WebUi uses | to separate multiple keywords to mix multiple elements, and the program will generate an image for each combination of them. This technology is implemented by the UI.

For example, if you use a busy city street in a modern city|illustration|cinematic lighting, there are four possible combinations (always keep the first part of the hint):

a busy city street in a modern city
a busy city street in a modern city, illustration
a busy city street in a modern city, cinematic lighting
a busy city street in a modern city, illustration, cinematic lighting

![example image missing]

You can further add : x after the keyword to specify the weight of a single keyword.

NAI

In NAI stands for average weight mix (first half and second half).

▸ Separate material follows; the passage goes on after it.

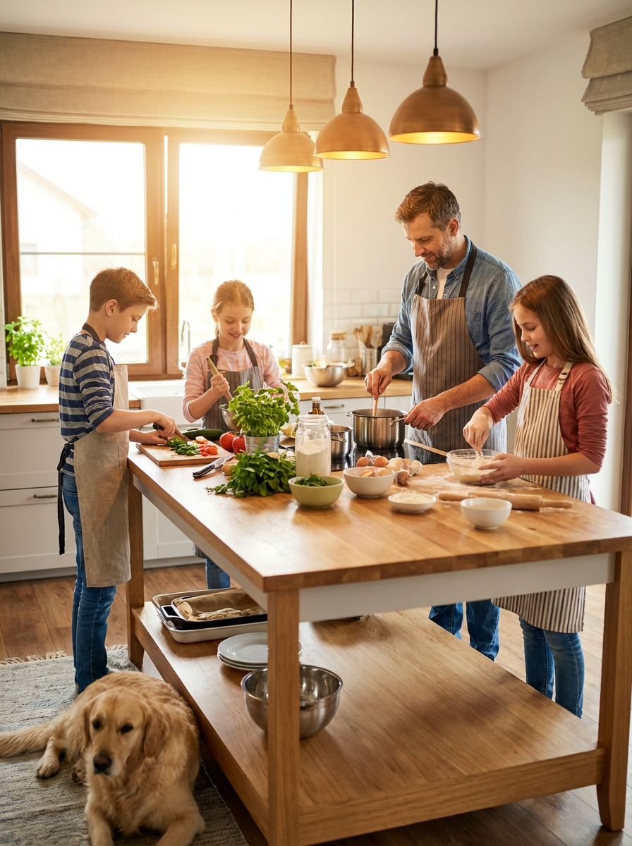 family portrait in kitchen while cooking together, everyone wearing aprons over casual clothes, warm indoor lighting, cooking ingredients visible, working together on meal preparation, domestic bliss

cat :2 | dog is a dog more like a cat

![example image missing]

Prompt Schedule

Prompt Schedule can change prompts in the process of reasoning about images, this technology is implemented by UI.

The syntax is [from:to:when]

where from and to are prompts, and when is a number defining how long in the sampling period the switch should occur.

[fantasy:cyberpunk:16] means from the 16th step onwards, replace fantasy with cyberpunk tag
[to:when] adds to to the prompt (when) after a fixed number of steps
[from::when] removes from from the prompt after a fixed number of steps (when)

for example:

[fantasy:cyberpunk:16] means from the 16th step onwards, replace fantasy with cyberpunk tag
[male: female: 0.0], means you asked to draw a female from the start.

Effect:

Become an assistant engineer

These guides can take you a step further.